Ces dernières peuvent prendre la forme de prises de contrôle capitalistique, avec, en creux, le risque d’une délocalisation de savoir-faire. Ce que l’on appelle le « Lawfare », c’est-à-dire l’instrumentalisation du droit à des fins stratégiques, fait aussi partie du mode opératoire de certains pays – notamment les États-Unis et la Chine – pour contraindre des entreprises de la BITD.

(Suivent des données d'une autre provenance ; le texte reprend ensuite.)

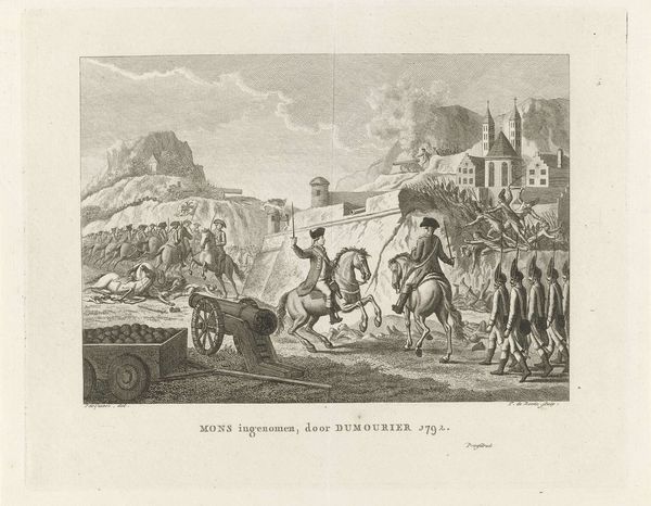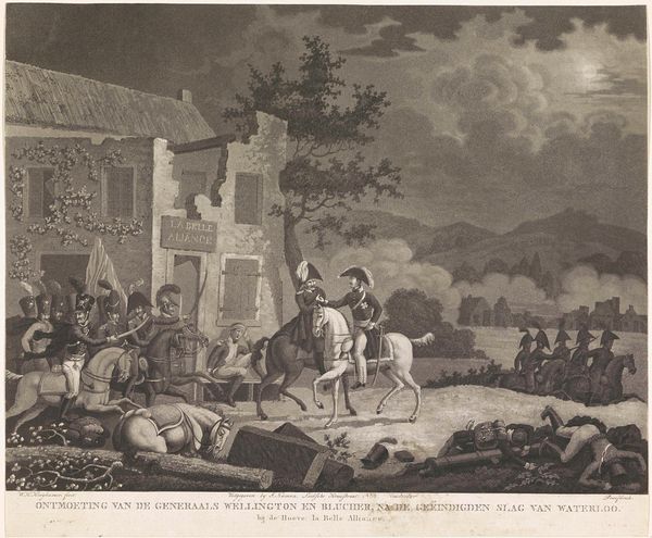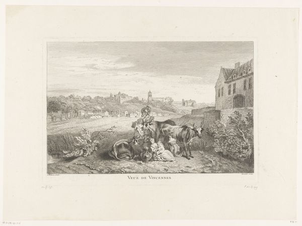 Editor: This is "La dînée des voyageurs" by Jean Baptiste Michel Dupréel. It depicts travelers pausing for a meal, and what strikes me is the circular composition. It almost feels like a window into another world. What do you see when you look at it? Curator: Indeed, the circular frame is a deliberate construct. Observe how Dupréel uses light and shadow to guide the eye, creating a balanced yet dynamic interplay between the figures and the architecture. The contrast enhances the narrative within the composition. Editor: So, the composition itself becomes part of the story? Curator: Precisely. The artist uses formal elements to direct your gaze, inviting scrutiny of the represented figures and their relations to the scene. Have you seen other artworks that use composition in a similar way? Editor: That’s a great point. I’ll have to think about it more. Thanks! Curator: My pleasure. Always a delight to examine the construction of an artwork.

« Quand une réglementation comme [l’ITAR] permet aux autorités d’un État, dès lors qu’un produit vendu dans un autre pays contient un composant fabriqué sur son sol, de vérifier si la vente est conforme aux règles qu’il a édictées, il peut s’agir d’une forme d’ingérence, selon la façon dont c’est appliqué. C’est ce que font les Américains depuis plusieurs années, mais aussi les Chinois : ceux-ci ont copié, dans l’esprit, le Patriot Act américain et, profitant de leur puissance économique, essaient de s’ingérer dans les économies étrangères », avait ainsi expliqué Stéphane Bouillon, le Secrétaire général de la défense et de la sécurité nationale, dans un récent rapport parlementaire.

D’autres menaces, plus directes, concernent les entreprises de la BITD. On peut citer les attaques informationnelles, lesquelles visent à compromettre leur réputation quand elles sont engagées dans un processus concurrentiel, l’entrisme, l’espionnage ou encore le sabotage, que ce soit par des actions « cyber » ou des moyens « classiques ».

En septembre 2022, alors fraîchement nommé à la tête du ministère des Armées, Sébastien Lecornu avait appelé les industriels de la BITD à la vigilance, en insistant sur le risque de « sabotage ». « Nous constatons et nous surveillons un certain nombre d’agissements. Je n’irai pas plus loin parce que cela est couvert par le secret », avait-il dit.

Lors d’une audition de la commission d’enquête du Sénat sur les ingérences étrangères, M. Lecornu a donné, pour la première fois, quelques chiffres permettant d’appréhender l’ampleur de ce phénomène.

D’abord, 80 % des « attaques » [espionnage, sabotage] concernent les sous-traitants de la BITD, a-t-il souligné. Quant aux cas d’atteintes « physiques » [intrusions, cambriolages, tentatives d’approche], plus de quarante ont été constatés en 2021. Avec la guerre en Ukraine, leur nombre a augmenté, avec une cinquantaine de cas documentés en 2022 et autant en 2023.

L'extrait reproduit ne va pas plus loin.